Thanks for your help !

  • Post Points: 20
All Replies
  • Hello Jerome Couzy,

    I'm sorry to hear that you are having difficulty getting Identity Federation with ADFS setup for Single Sign On (SSO) with Office 365. Please use the Office 365 tab at the following tool to test SSO for your organization and update your post with the error you receive to help provide more information about the location of this failure:
    https://testexchangeconnectivity.com/

    Once we have that information we will continue to troubleshoot this issue.

     

    (Please also make sure that you have the Office 365 sign in assistant installed from the following links:

    https://portal.microsoftonline.com/download/default.aspx (Sign In Assistant download and setup)
    http://onlinehelp.microsoft.com/en-us/office365-enterprises/ff637585.aspx (Sign In Assistant download only)

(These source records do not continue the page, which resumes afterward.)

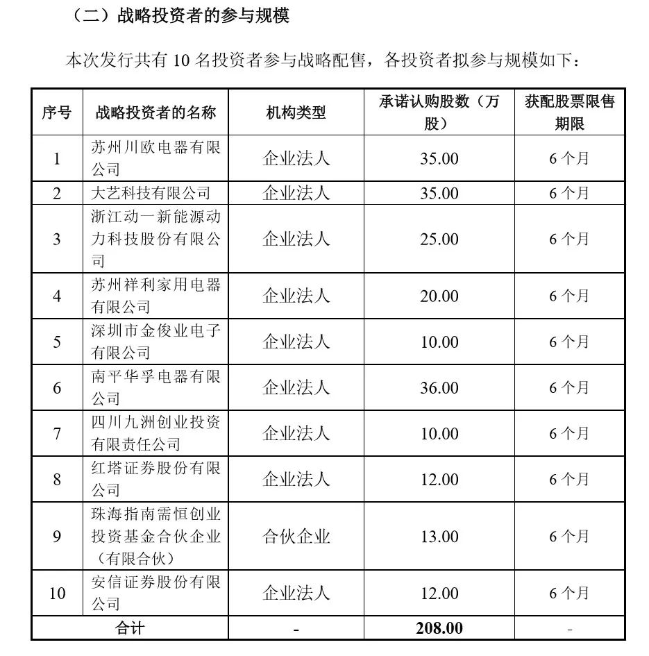 本次公开发行,长虹能源吸引来10家战略投资者,总共拟认购208万股。
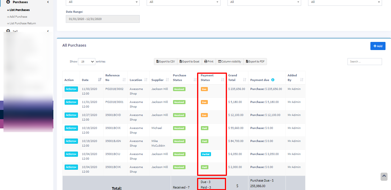 - 4. Overdue: PO is 100% not paid & past the due date.
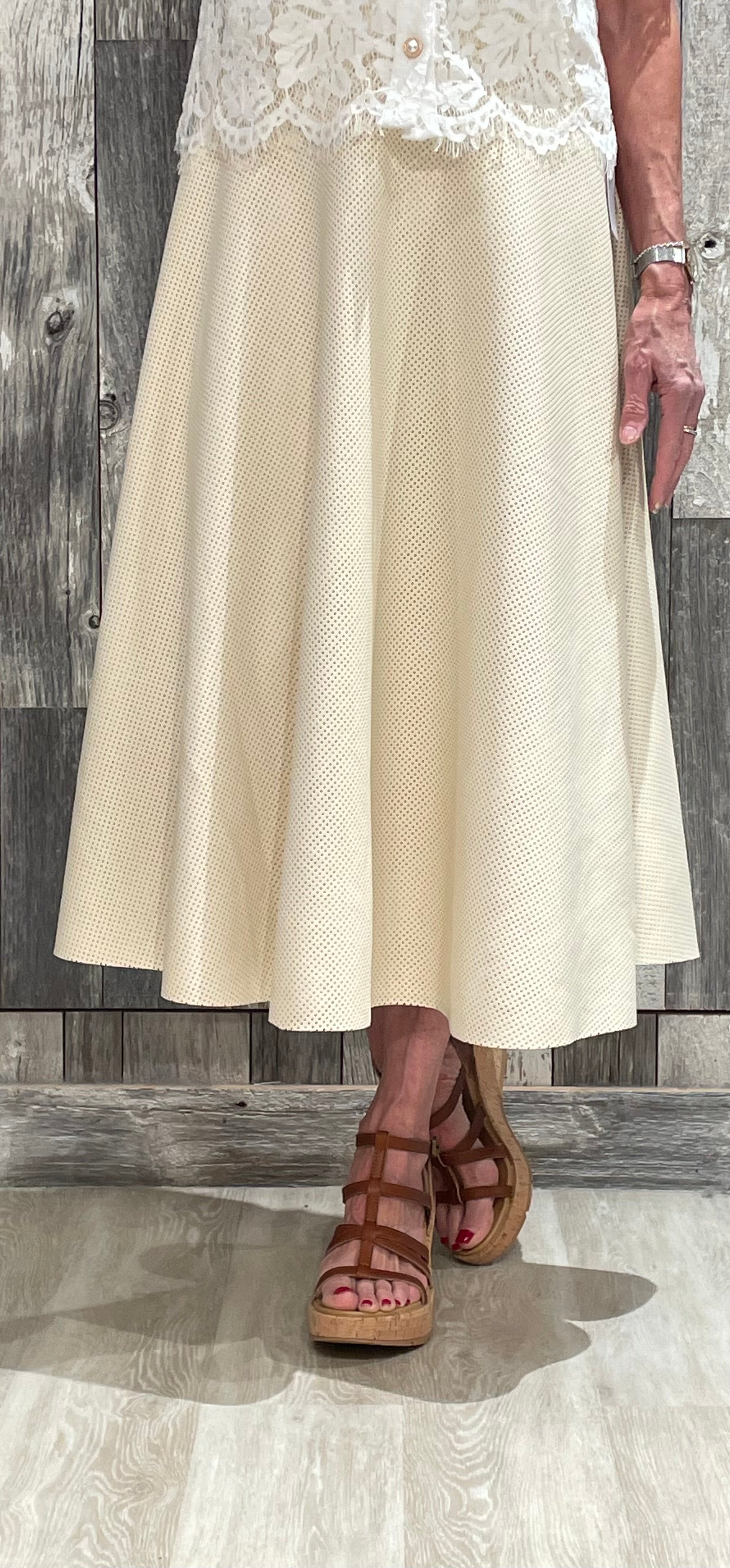 The Faux Leather Perforated Midi Skirt offers a modern take on a classic silhouette with eye-catching texture.
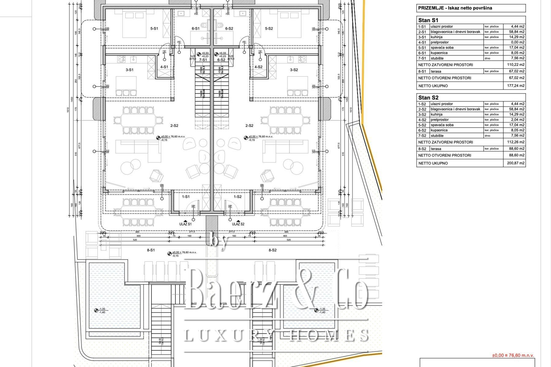 Op de begane grond vormt een stijlvolle open woonkamer en eetruimte een geheel met de modern uitgeruste keuken, die naadloos aansluit op een riante terras met privézwembad en een aparte zonneplek. Op de eerste verdieping bevinden zich drie slaapkamers met eigen badkamer, elk met toegang tot een balkon en onbelemmerd uitzicht op de Adriatische Zee. De vierde slaapkamer is op de begane grond gesitueerd voor optimaal comfort en toegankelijkheid.
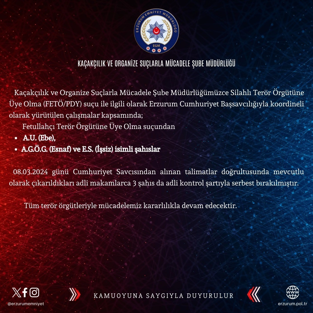 Erzurum Emniyet Müdürlüğü Kaçakçılık ve Organize Suçlarla Mücadele Şube Müdürlüğü ekiplerince Silahlı Terör Örgütüne Üye Olma (FETÖ/PDY) suçu ile ilgili olarak Erzurum Cumhuriyet Başsavcılığıyla koordineli olarak yürütülen çalışmalar kapsamında; 3 şüpheli yakalandı.
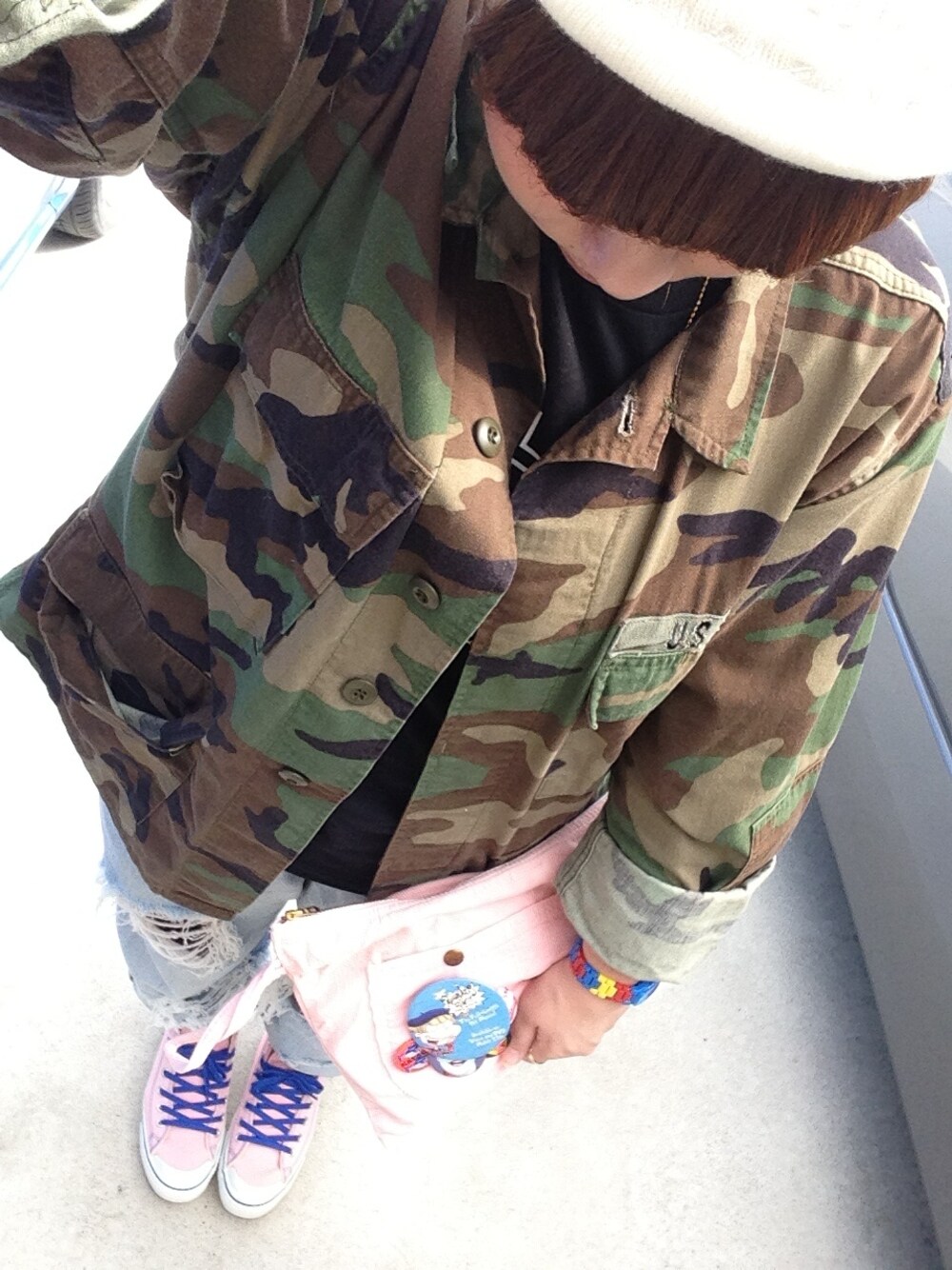 おかちゃんぴんのミリタリージャケットを使ったコーディネート

    You can also see: http://onlinehelp.microsoft.com/en-us/office365-enterprises/ff652539.aspx for setup a full list of the setup instructions for ADFS.)

    • Top 150 Contributor
    • Post Points: 0
  • Hello Micah;

    I have been using this tool for a while, but for some reason it has stopped working a few days ago (no more than a week), whatever browser I use.

    I also confirm, I have installed the Sign in assistant before facing that issue.

    Thanks for your help !

    • Not Ranked
    • Post Points: 0
  • I have seen this two times myself..but only when my ADFS was not accesible from the outside.

    Can you please look into the IIS logs on the ADFS server and look for 401 (access denied from the source you are connecting from)..found at c:\inetpub\log\..\W3SVC\..

    • Not Ranked
    • Post Points: 0
  • Hi Lerun,

    You're right I actually have 401 error in my IIS log file. Here is the end of the file :

     

    Also, I have through a lot of different scenarios and it turned out that I'm getting the credentials prompt only chile trying to access the site from a non domain-joined computer, and on both my domain-joined servers, I don't even get this page...

    • Not Ranked
    • Post Points: 0
  • So I see a 401.2 error, this means that IE and IIS can not agree on the authentication scheme.

    So try this:

    in IIS go to the /adfs/ls node

    Go into Authentication (if this is IIS 7 or newer)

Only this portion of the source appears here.